Inane pricing strategies II

ABC’s World News Tonight reported that October 26th was the best day to purchase airline tickets for holiday travel.  Why?

A study of 130 million ticket purchases indicated that travelers obtained the best deals by buying roughly 60 days in advance on a Sunday.  The reporter stated that the airlines offer lower prices on Sunday “to attract travelers who are most price sensitive.”

Inane?

If I told you that:

  • You had a limited supply of merchandise
  • Your peak selling season was 60 days away
  • You had to offer your lowest price now

What would you tell me?  Hopefully, you’d invite me to take a leap off a tall building.  I’d be asking you to cater to your least loyal, least profitable customers while ignoring your most profitable customers.  I can’t envision a more inane pricing strategy.

Attracting customers

Can you imagine the time, effort and energy that went into evaluating 130 million ticket sales?  For what purpose?  To discover who your ‘most price-sensitive’ customers are?  To find ways to cater to their needs, when price is all that they care about?

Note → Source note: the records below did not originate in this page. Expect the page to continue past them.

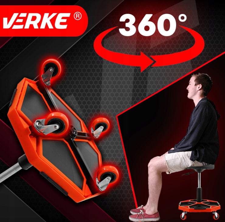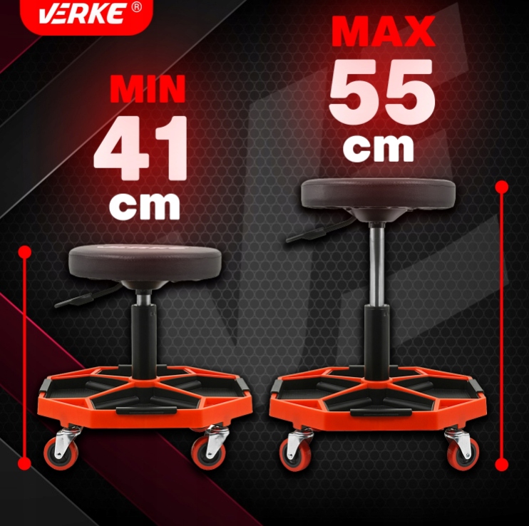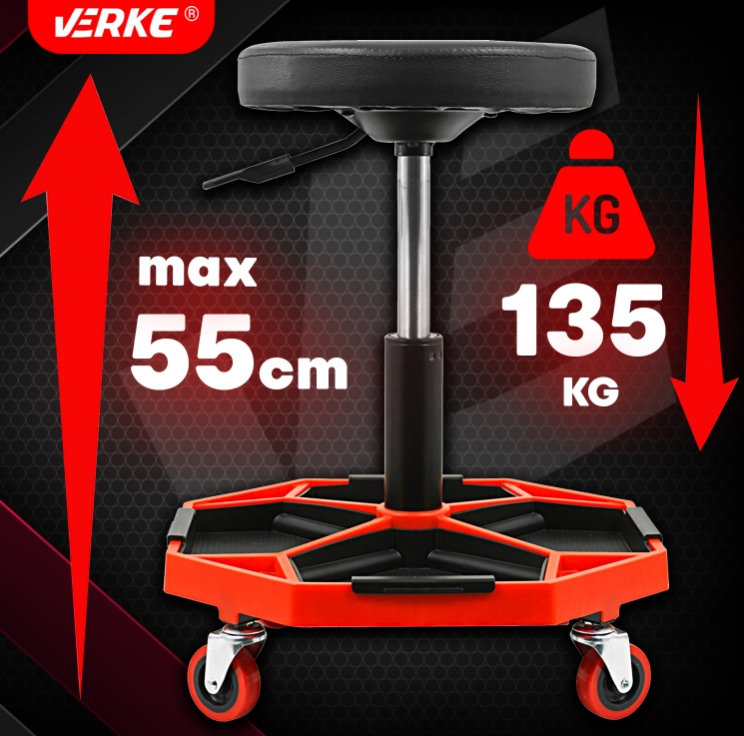Табурет від Verke призначений для використання в професійних майстернях, автосервісах, ремонтних майстернях, а також також чудово підходить для перевірки в домашньому гаражі. Має поворотне сидіння та 4 поворотні колеса, які підвищують його мобільність. Практичне рішення - обладнати його великою полицею, де механік зможе розмістити інструменти, які використовуються під час роботи. Покриття комфортного сидіння виконано з ПВХ. Завдяки пневматичному регулюванню висоти його легко підлаштувати під зріст людини.
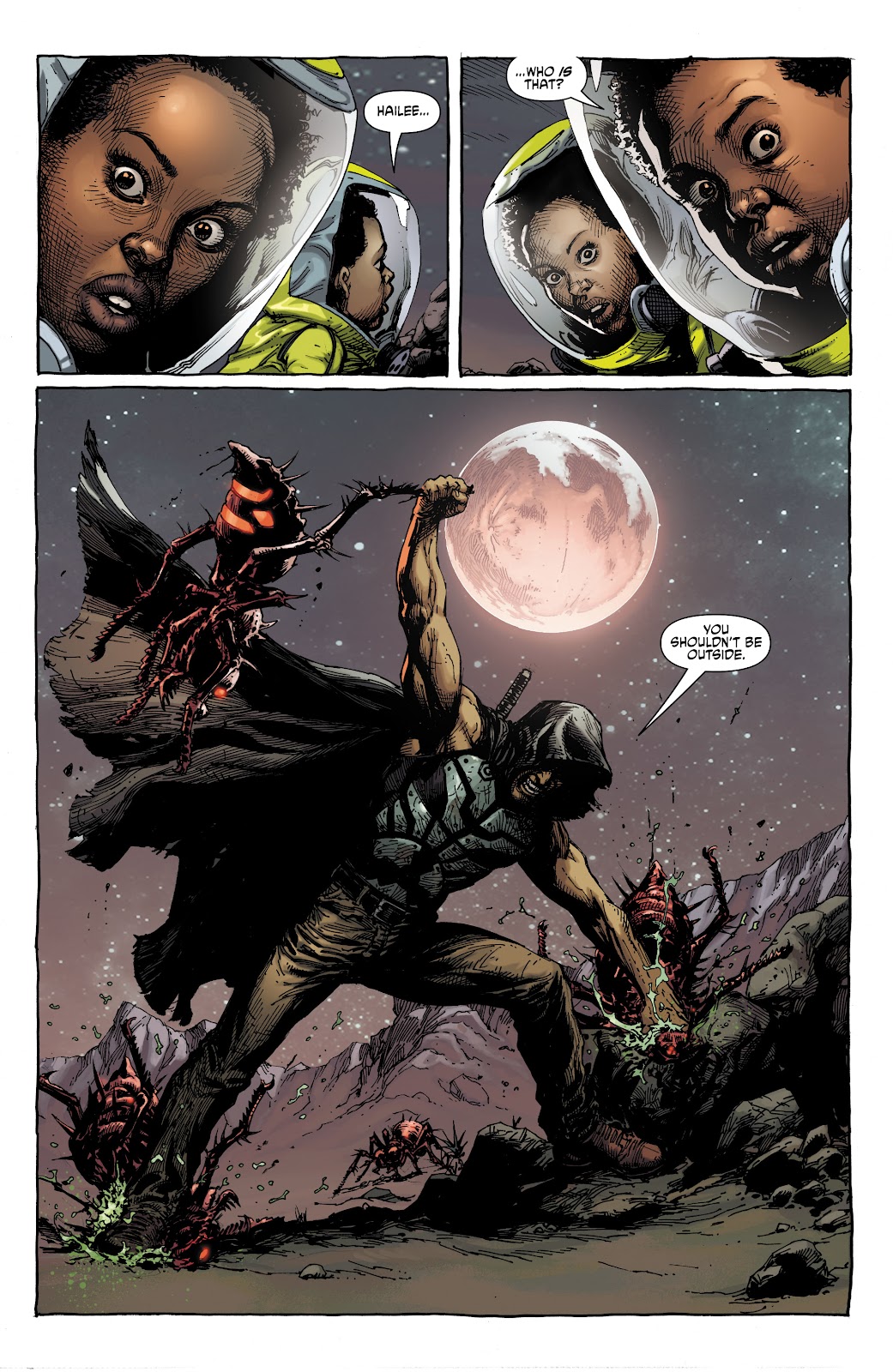 Existence is only pleasant for a privileged few, and the way Geoff Johns constructs society after the bombs have dropped means opportunities have to be taken when they present themselves, even if that means risking life. Given his name is the series title, it’s no real revelation that Geiger is the glowing man, and he stars in a tale that’s relatively simple once unpicked, but concealed by Johns via introducing the circumstances, then selectively employing flashbacks revealing a little at a time. This includes fragmented societies, none of them representing the best of humanity irrespective of what they claim to stand for.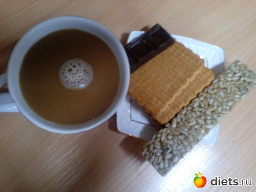 Ужин: печенье, горький шоколад, казинак, кофе с молоком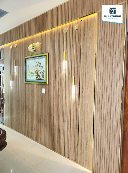 Phòng khách ốp nhựa Nano vân gỗ ấm cúng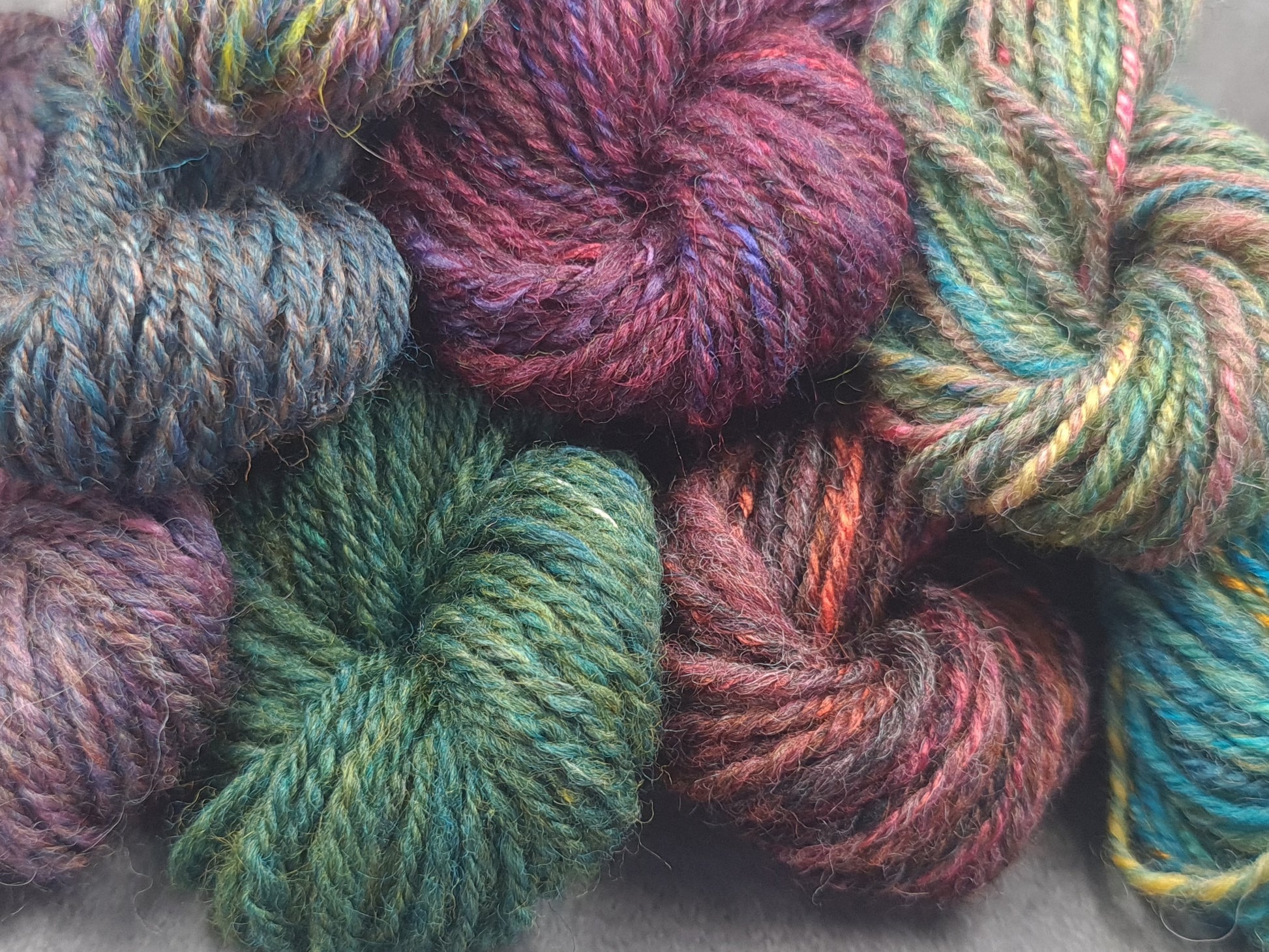 These are all aran or worsted weight yarns (9-12 wraps per inch) with a suggested tension/gauge of approximately 20 stitches and 28 rows to 10cm/4" on 4.5mm needles. Combine them with each other, other colours of my handspun aran or other yarns of similar weight.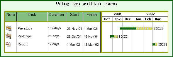 It is often of interest not only to show one title for a gantt bar but often one wants to show, title, start date, end date, duration or effort and so on. Up until now we have, to keep things simple only shown a single title for each activity. We will now show you how you can specify an arbitrary number of columns as titles for a Gantt chart as well as adding icons in the graph columns.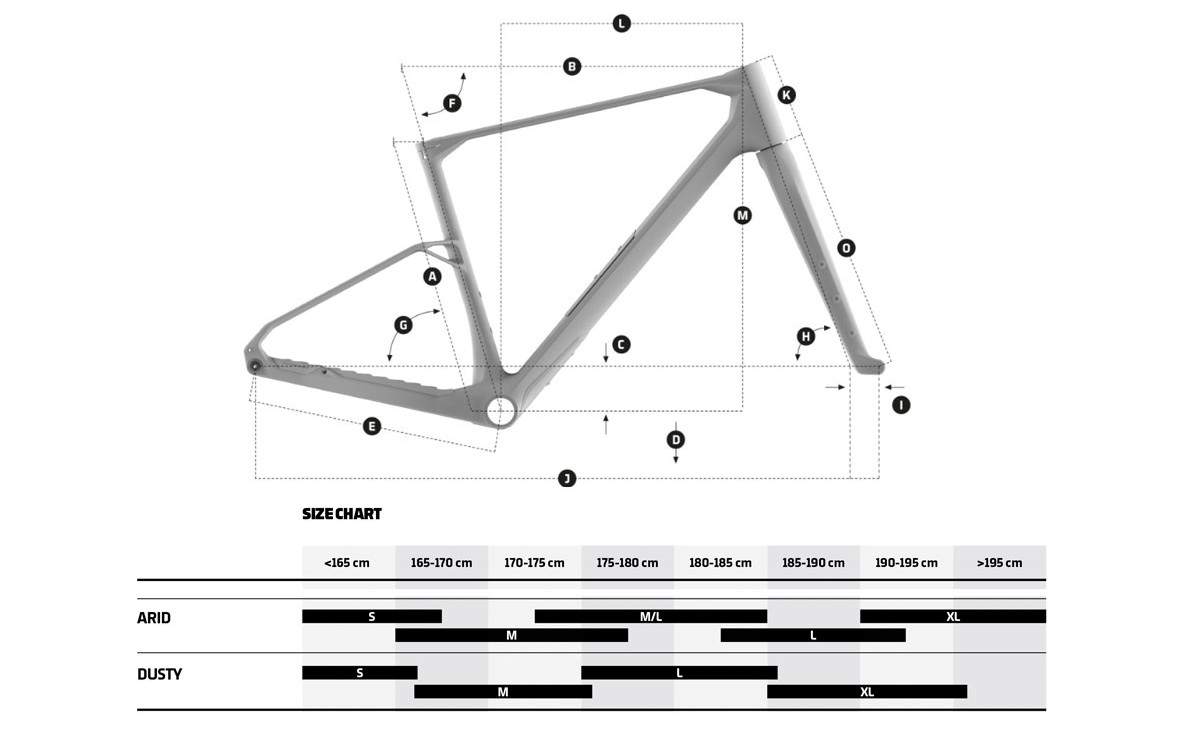 The Arid is available in five sizes: S, M, M/L, L, and XL, accommodating a wide range of riders. It supports up to 50mm wide tires, making it suitable for various terrains.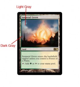 For starters, let's talk about your materials and workstation. I use acrylic model paints in my work. These paints are specially formulated to dry as flat as possible, and they're available in a huge variety of colors at most game and hobby shops. For brushes I use a couple different sizes of synthetic/sable blend brushes (let's say one is medium-small, and the other is very small). These aren't the most expensive brushes you can get, but they aren't exactly cheap, either. Just remember this about brushes- the less you spend on a brush, the more time you're spend fishing loose bristles off of your painting. I also use an old ratty brush for drybrushing, a palette knife (anything from a plastic butter knife to a popsicle stick will do the same job) and a cheap plastic paint palette for mixing. I usually hold the cards carefully while painting, or set them on a clean paper towel.

Let’s reframe those questions.  Why wouldn’t you invest your resources to find ways to attract your least price-sensitive customers?  For what purpose?  To discover what they value and how to enhance that value?  To tout that value in marketing messages so that you can reap the rewards of premium prices?  Any of these would be legitimate reasons for the research.

ROI

The latter set of questions afford some potential return on investment for the effort.  The former, not so much.  Indeed, efforts to attract the most price-sensitive customers can produce a negative ROI in the form of lost revenues and profits.  Is it any wonder that the airline industry continues to post losses year in, year out?

Takeaway

If your investing in market research, make sure you’re focusing on customers who are willing to pay a premium for what you have to offer.  Too many businesses target bargain hunters.  In the process businesses ignore the needs of those who are most interested in and value most highly, the goods and services they offer.  Don’t be one of them.